Friday, April 14, 2006

being American?

During the late 1910s and earls '20s, immigrant workers at the Ford automotive plant in Dearborn, Michigan, were given free, compulsory "Americanization" classes. In addition to English lessons, there were lectres on work habits, personal hygene, and table manners. The first sentence they memorized was "I am a good American." During their graduation ceremony they gathered next to a gigantic wooden pot, which their teachers stirred with 10-foot ladles. The students walked through a door into the pot, wearing traditional costumes from their countries of oragin and singing songs in their native languages. A few minutes later, the door in the pot opened, and the students walked out again, wearing suits and ties, waving American flags, and singing "The Star-Spangled Banner"

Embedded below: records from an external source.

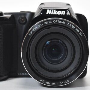 Pairing a long-zoom design with versatile imaging capabilities, the COOLPIX L330 Digital Camera from Nikon features a 20.2MP CCD sensor and EXPEED C2 image processor to produce high-resolution stills and HD 720p video recording. Complementing the imaging assets is a wide-angle to super-telephoto NIKKOR 26x optical zoom lens, which covers a 22.5-585mm equivalent focal length range, and incorporates lens-shift type Vibration Reduction to minimize the appearance of camera shake. The L330's physical design also features a large grip for additional security, a rear 3.0" 460k-dot LCD monitor, built-in pop-up flash, and is powered by four AA batteries.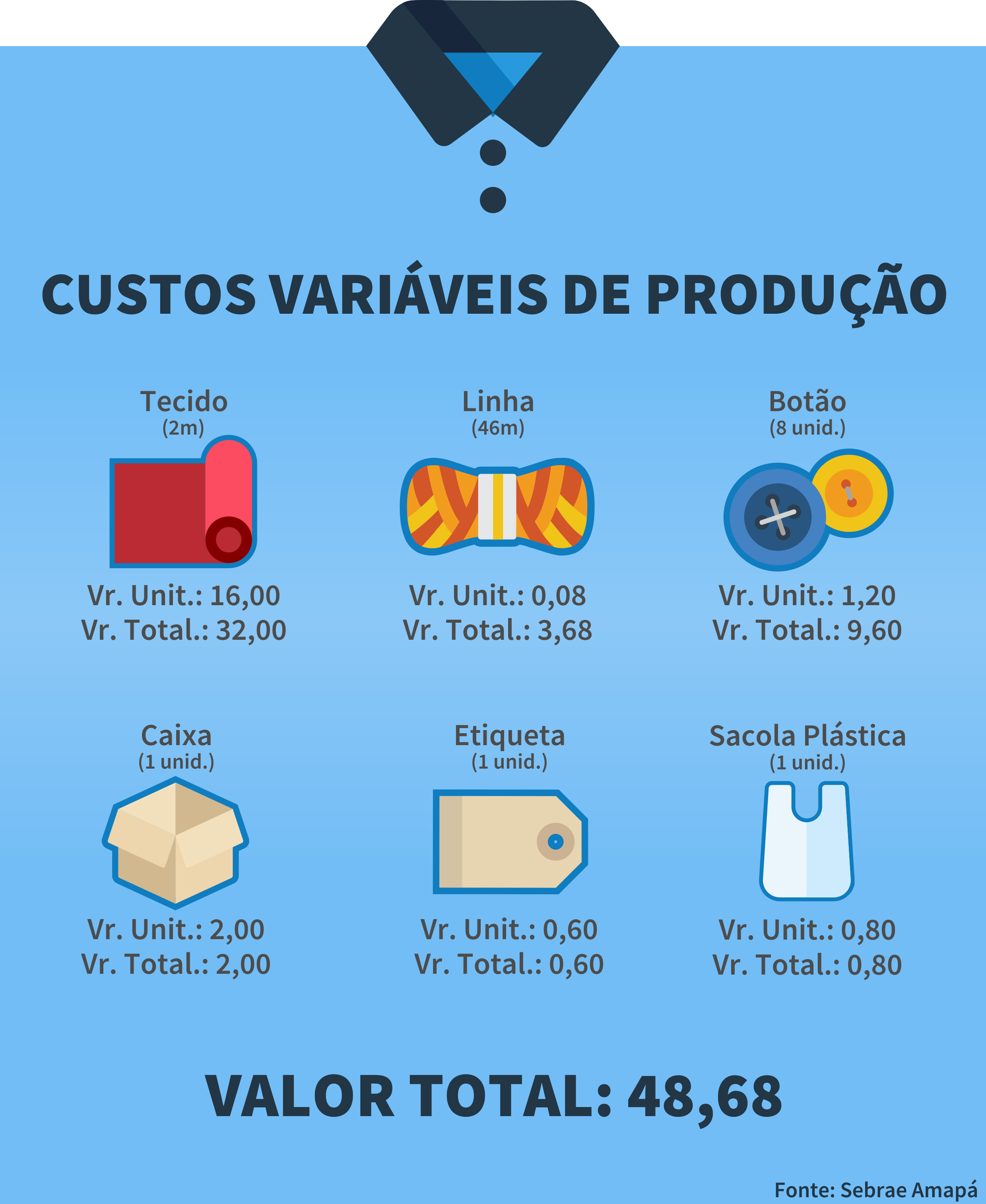 Para explicar na prática sobre o cálculo para chegar no valor ideal, vamos usar como exemplo que a empresa está fabricando uma camisa.
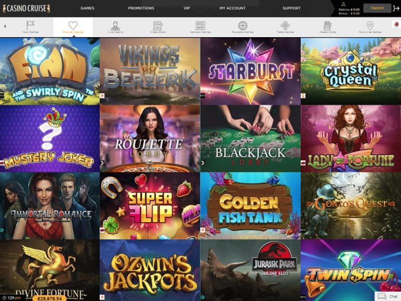 CasinoCruise Microgaming, Net Entertainment, Big Time Gaming, Evolution Gaming, Ezugi, iSoftBet, lightningboxgames, Oryx, Play'n GO, Quickspin, Relax Gaming, Yggdrasil, Wazdan, Pragmatic Play, Red Tiger Gaming, Skillzzgaming, Skywind, Triple Edge Studios, Northern Lights Gaming, Switch Studios, All41 Studios, Gameburger Studios, Neon Valley Studios, Golden Rock Studios, TrueLab Games, SpinPlay Games, GONG Gaming, Buck Stakes Entertainment, Games Global, 2by2 Gaming, Gamomat, Foxium, Just For The Win, PearFiction Studios, Slingshot Studios, Fortune Factory Studios, Crazy Tooth Studio, Alchemy Gaming, Snowborn Games, Gold Coin Studios, Half Pixel Studios, Eurostar Studios and Aurum Signature Studios द्वारा संचालित है, जो कुछ सर्वश्रेष्ठ ऑनलाइन गेमिंग डेवलपर्स से सैकड़ों अलग-अलग गेम लाता है।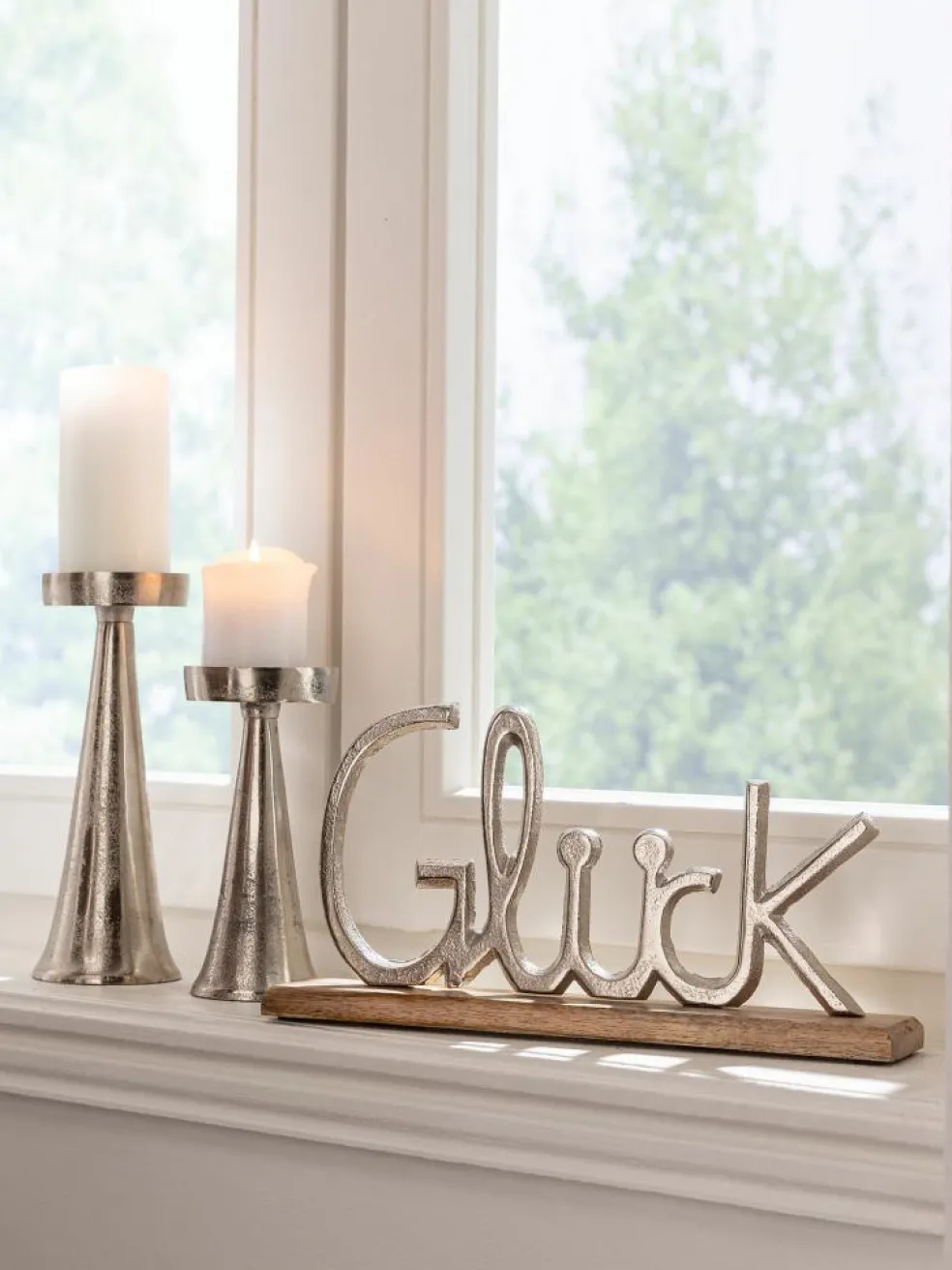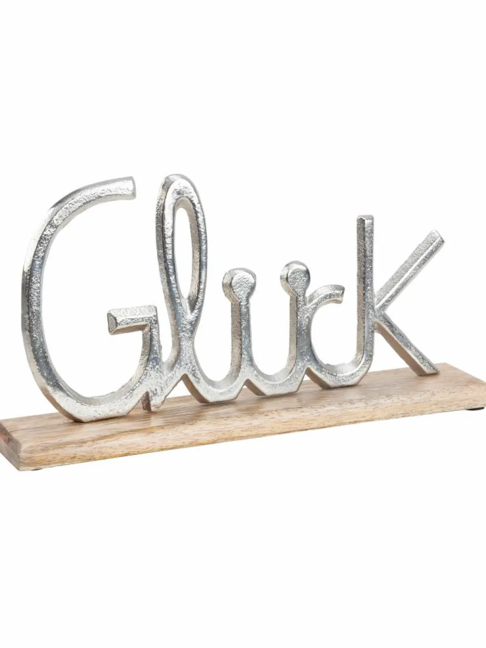 So zieht das Glück zuhause ein! Der schlichte, aus Aluminium gefertigte Schriftzug steht auf hochwertigem Mangoholz und wurde pulverbeschichtet.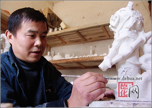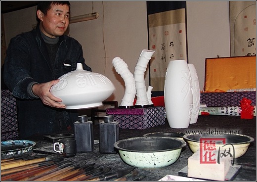 何燕丹来自江西九江,幼时即痴迷书法艺术,其篆隶书体达到形神、动静、虚实的和谐统一,作品先后在全国、省、市大赛中多次获奖。自1993年结缘德化后,他就开始尝试以刀代笔,运用传统金石刀法,将篆刻、书画艺术、陶瓷工艺融合为一体,先后开发出陶瓷印、瓷刻等系列瓷种。此次开发出立体书法瓷雕《舞》、《中国第一“龙”》、《福“猪”贺新》、《福》、《禄》、《寿》、《禧》等作品,生动形象、气韵流畅,具有较高的艺术价值和欣赏价值。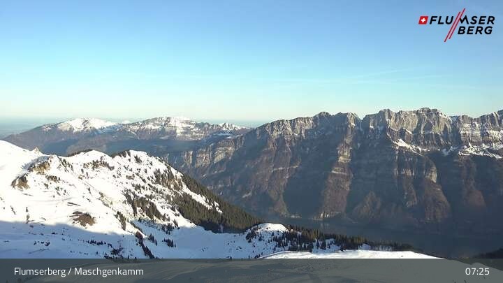 Archived webcam image showing Flumserberg: View Maschgenkamm on 13 Mar 2026 at 07:14 06:00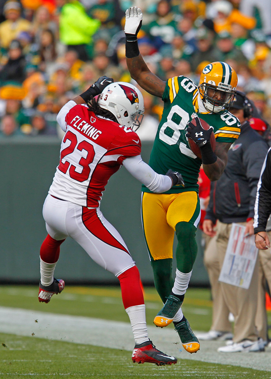 Green Bay Packers wide receiver James Jones is pushed out of bounds by Arizona Cardinals cornerback Jamell Fleming.

It is like making a dessert with little kids when you let them choose how you make it. You put in all sorts of good things like mac & cheese, brownies, cookie dough and fruit loops, blend it all together and get a dull colored ill-consistant mass of goop. And odds are it tastes like you found it in the gutter. Is this what we want, something that looks good individually but we force it through a massive digestive system to become assimilated turds?

Great to teach our culture, immigrants probably will benefit from adapting to our way of life to a degree, and we all love singing good 'ol American songs (does Pink Houses count?). But I'm American and don't wear suits and carry a flag everywhere (heck, most Americans carry a Canadian flag abroad). Though to be fair, I also don't march around in a lehderhosen carring a fork full of sourkraut (though I wish I could speak German better, even with very few cases where this would do me any good).

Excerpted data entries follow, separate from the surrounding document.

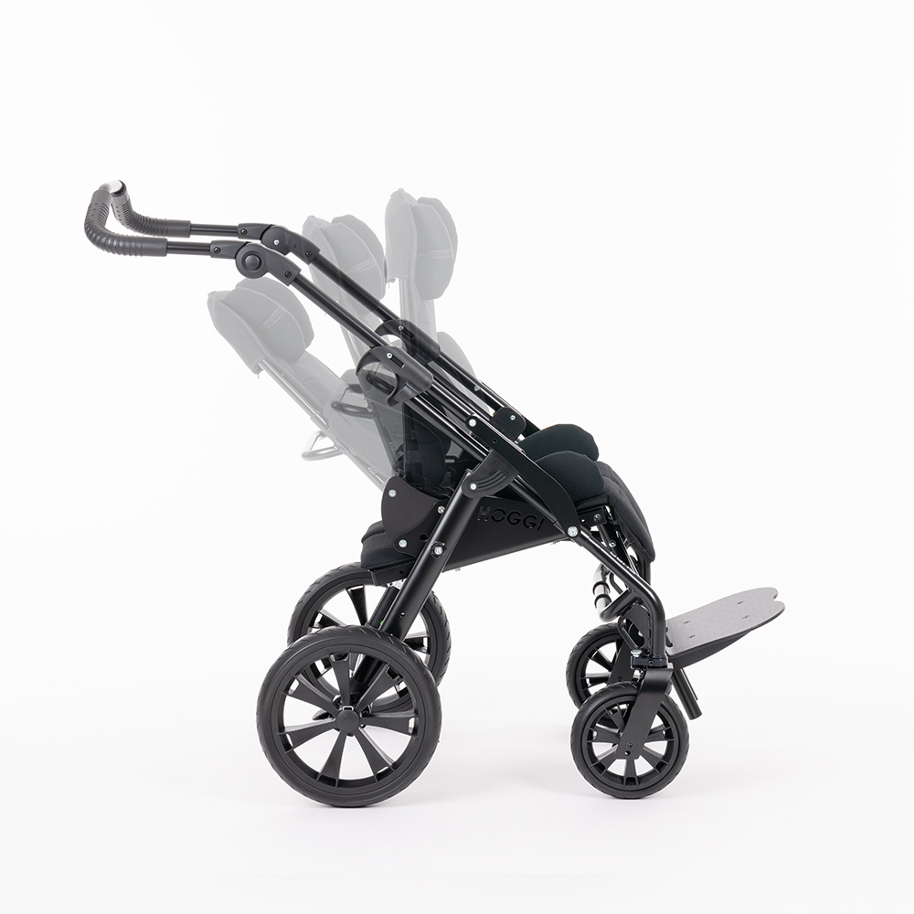 La poussette de rééducation se caractérise par sa grande stabilité et sa maniabilité grâce à son châssis compact. Elle offre une longue durée d'utilisation grâce à sa capacité de croissance qui permet une adaptation individuelle à la croissance de l'enfant. L'angle d'assise, l'angle des genoux et l'angle du dossier sont réglables afin de garantir une position assise optimale. De plus, la poussette peut être adaptée individuellement grâce aux accessoires éprouvés du BINGO Evolution afin de répondre aux besoins individuels.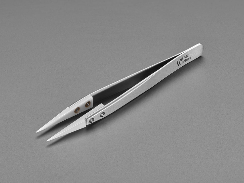You'll need a good pair of tweezers when soldering delicate surface-mount (SMD/SMT) components. These are a great pair of precision, heat-resistant tweezers. They've got a metal body and ceramic inset tips, so they are anti-magnetic and will not bend with use. The tips are fine and pointy to pick up components without risk of scratching, and because they are ceramic, they are also excellent for holding parts during hot air rework or if you're going to get close with your soldering iron.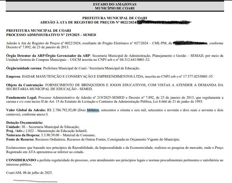 De acordo com o Diário Oficial dos Municípios (DOM), Adail vai contratar a empresa HADAR MANUTENÇÃO E CONSERVAÇÃO E EMPREENDIMENTO LTDA no valor total de R$ 2.786.792,92 (dois milhões, setecentos e oitenta e seis mil, setecentos e noventa e dois reais e noventa e dois centavos), para fornecer brinquedos e jogos educativos para a Secretaria Municipal de Educação (Semed) de Coari.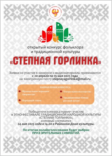 — Прием заявок и видеоматериалов конкурсных выступлений осуществляется с 20 апреляпо 19 мая 2025 года на электронную почту stepnayagorlinka@mail.ru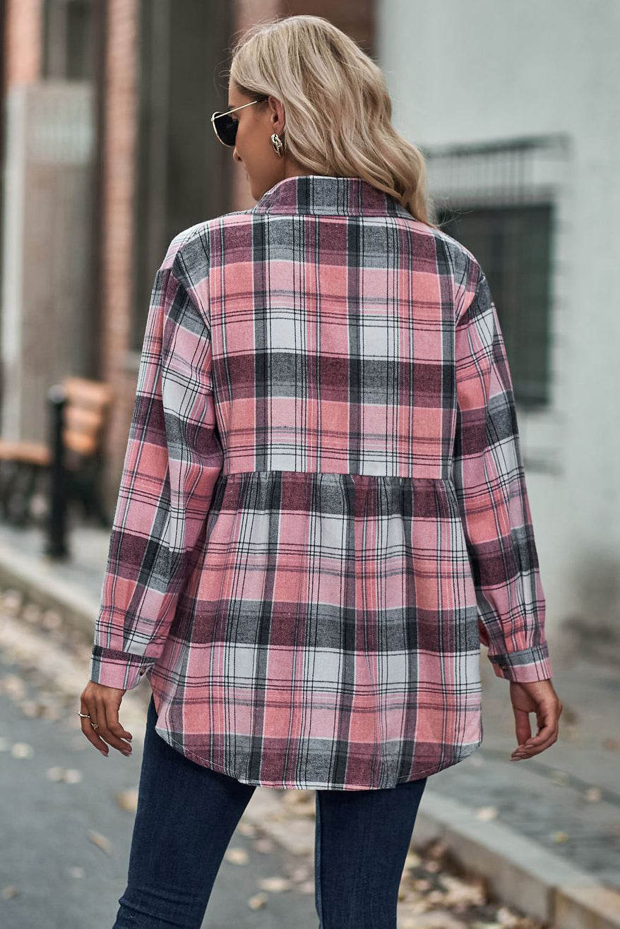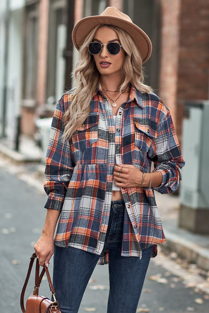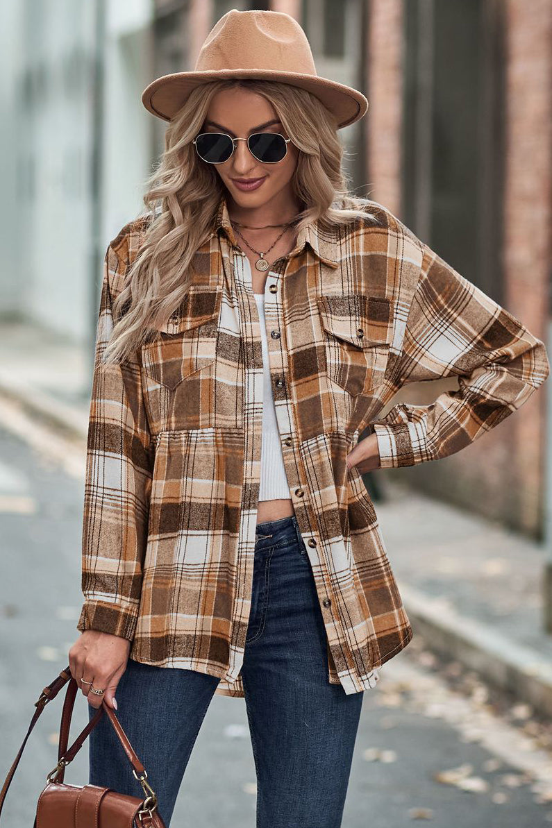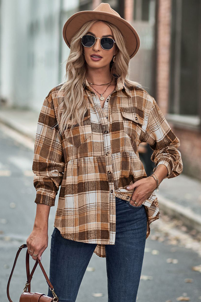 Plaid design, two chest pockets, loose fit, and hemline design take this top from simple to stunning

Lou Dobbs, I'm talking to you. Don't cancel St Patricks Day, b/c sometimes even a German girl likes to celebrate all things Irish.

A person can stay who they are and adapt to a new culture without conforming.. this part of the article scared me. Then again this was 1910, and as a woman I didn't have much of a vote back then.

Did anyone else have a reaction to this, or have I reached a point of sleep deprivation where I've got an opinion about everything?